As we grew older TV ceased to lose its novelty and charm. It was just there in the corner of the room like a goldfish or picture, although I still have fond memories of the monotone voice that read out the football results on Grandstand and the game we played predicting what score came next based on its cadences.
At some time in the next decade I drifted away from TV. When I returned in the mid 1990s it was a curiously different creature from the one I had grown up with. The feeling was mildly disconcerting. It was as if I had been going into the garden to feed a reliable but unaminated pet rabbit every day for a decade, only to notice one day it had grown green tusks.
For me the green tusks of reality TV first arrived in the form of Changing Rooms. The plot was simple. Take two sets of neighbors who are good friends, add garish paint, some MDF, a ridiculous fop with a name like Llewelyn-Bowen and get them to decorate each other's homes, resulting in neighbors who weren't such good friends.
The other reality TV show that I first noticed was Airport, a fly-on-the wall about Heathrow airport. I was suspicious from the outset. I'd spent long enough hanging around Heathrow Airport waiting for delayed flights to not want to watch this kind of thing as a leisure activity.
My cynicism did little to arrest the forward march of reality TV.
About 10 years ago I attended a lecture by Peter Bazalgette a TV executive who outlined the vast popularity in Holland of a show in which random people were put in a house and eliminated by public vote. Bazalgette explained audience numbers peaked when two housemates had sex, which equated on the small screen to two grainy figures wriggling around in a sleeping bag.
The scene was set for Big Brother and the rest is history. I have lost track of how many tedious series of Big Brother have been filmed or the cast list of desperate wannabes the show has enabled.

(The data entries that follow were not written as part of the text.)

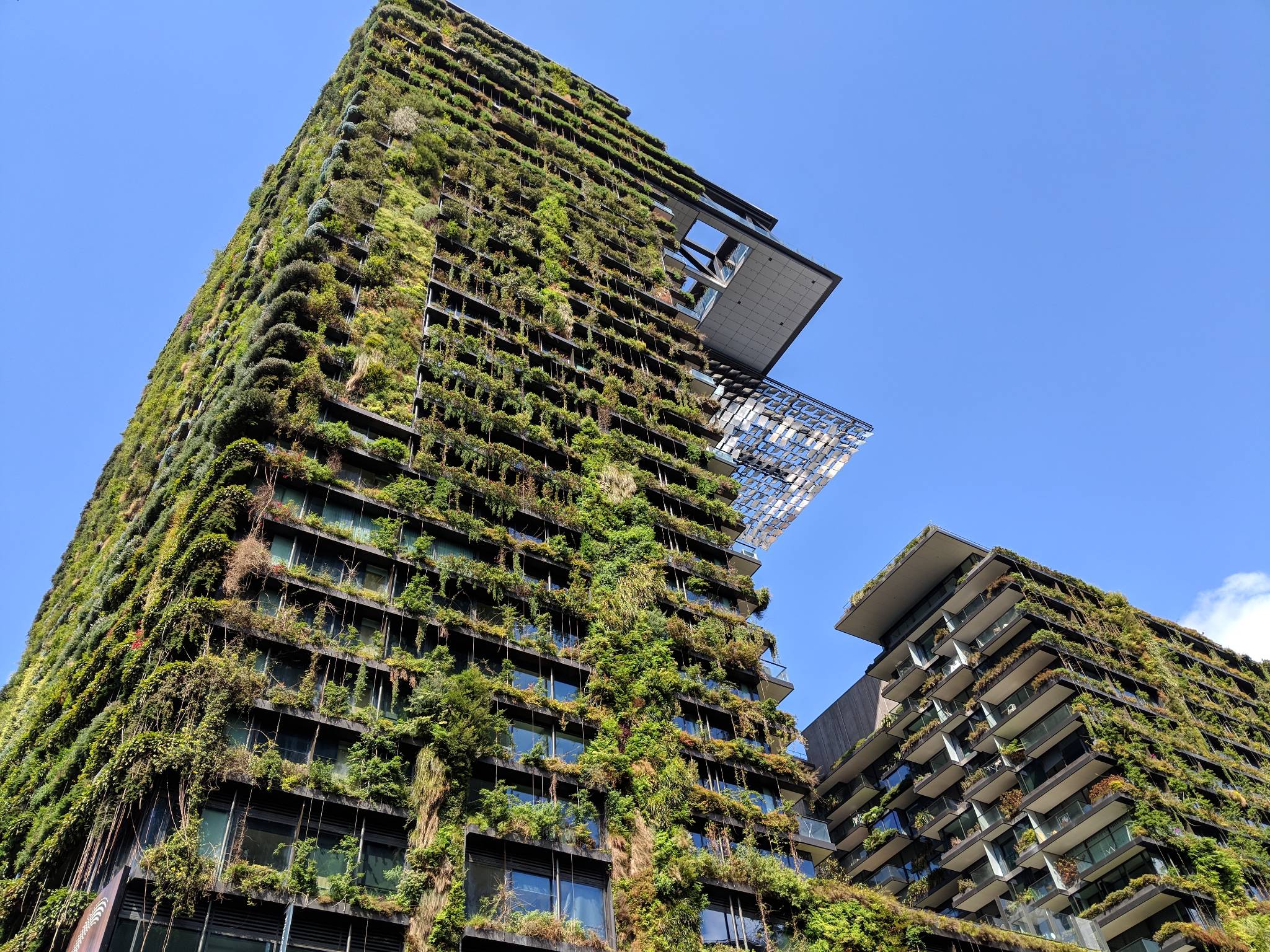 อาคารนี้โดดเด่นด้วยการใช้ ระเบียงขนาดใหญ่ เพื่อปลูก ต้นไม้ 800 ต้น, ไม้พุ่ม 4,500 ต้น และพืชคลุมดิน 15,000 ต้น ซึ่งเทียบเท่ากับพื้นที่ป่ากว่า 20,000 ตารางเมตรที่ถูกย้ายมาปลูกในแนวตั้ง
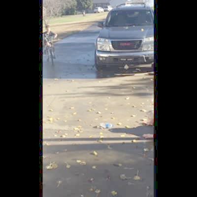A young boy rides his bike over a water bottle so that it bursts and splashes his brother in the face in slo-mo
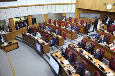 El ministro de Relaciones Exteriores, Rubén Ramírez Lezcano y demás consejeros de la Entidad Binacional Itaipú, en reunión con la mesa directiva del Senado, detallaron los alcances del acuerdo concretado entre Paraguay y Brasil sobre la tarifa de Itaipu.
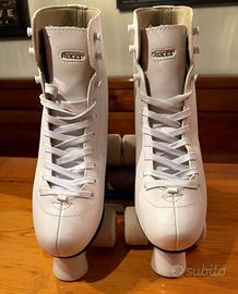 Vendo pattini a rotelle ROCES Rc2 Classicroller numero 38, utilizzati per un corso di 5 lezioni e poi mai più usati, quindi sono come nuovi e in perfette condizioni.
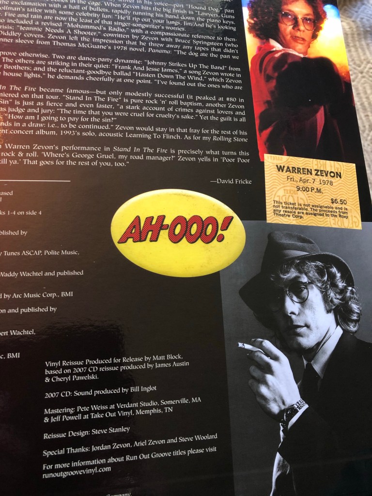 Da har jeg fått den i hus, den nye doble utgaven av Warren Zevons livealbum, «Stand In The Fire», spilt inn på legendariske i 1980. For meg er dette ei av de store liveplatene i rocksegmentet, helt der oppe med Dream Syndicates «Live At Raji’s» og «Weld» med Neil Young & Crazy Horse. Man kan alltid stille seg spørsmålet om slike deluxe-utgaver er nødvendige. Som Warren Zevon uttalte om de 10 sporene som nå er utgitt og som opprinnelig ikke var en del av denne liveskiva: «The dog ate the part we did not like». I 2007 kom det en CD-utgave med fire bonusspor, og nå har hunden kastet opp seks spor til. Men joda, jeg liker dem! Her får du en god del om denne liveplata, men også litt om annet Warren Zevon bedrev i sitt «Dirty Life And Times».

But by hanging on every action of these characters the media has transformed them into vacuous celebs who are famous for being famous.
Characters like Jade Goody made being talentless a talent. And they lived and died in the glare of tabloid TV.
Today I have more than 30 channels on a basic cable package in the US. I can surf them for hours without finding anything I have a remote interest in watching.
Reality TV is TV whether it's Wife Swap, the real housewives of whatever place you can think of, the Kardashians, The Osbournes, Hulk Hogan's daughter, men who catch crabs in cold places or men who force themselves to eat enough food to feed an African village for a week for a certificate.
And Bazalgette's monster has spawned in a way Frankenstein's never did. You can vote on America's best model, singer, dancer, cook. Surely America's top snail racer or sewage technician will soon be a mere lazy flick of a channel away.
Meanwhile I'm a Celebrity Get Me Out of here is in its umpteeth series on British TV and the soiled underwear of dozens of minor celebrities we had forgotten about is being paraded across the tabloids. TV has surely reached a parlous state when the departure from the show of Jordan, a woman famous for her gravity defying breasts, and I can't think what else, causes the viewing figures to plummet by two million.
If this isn't bad enough plans are now afoot to make the bushtucker trials, the stomach churning tasks the D-listers endure in I'm A Celebrity, such as eating kangaroo testicles and witchetty grubs, the centrepiece of new prime-time series.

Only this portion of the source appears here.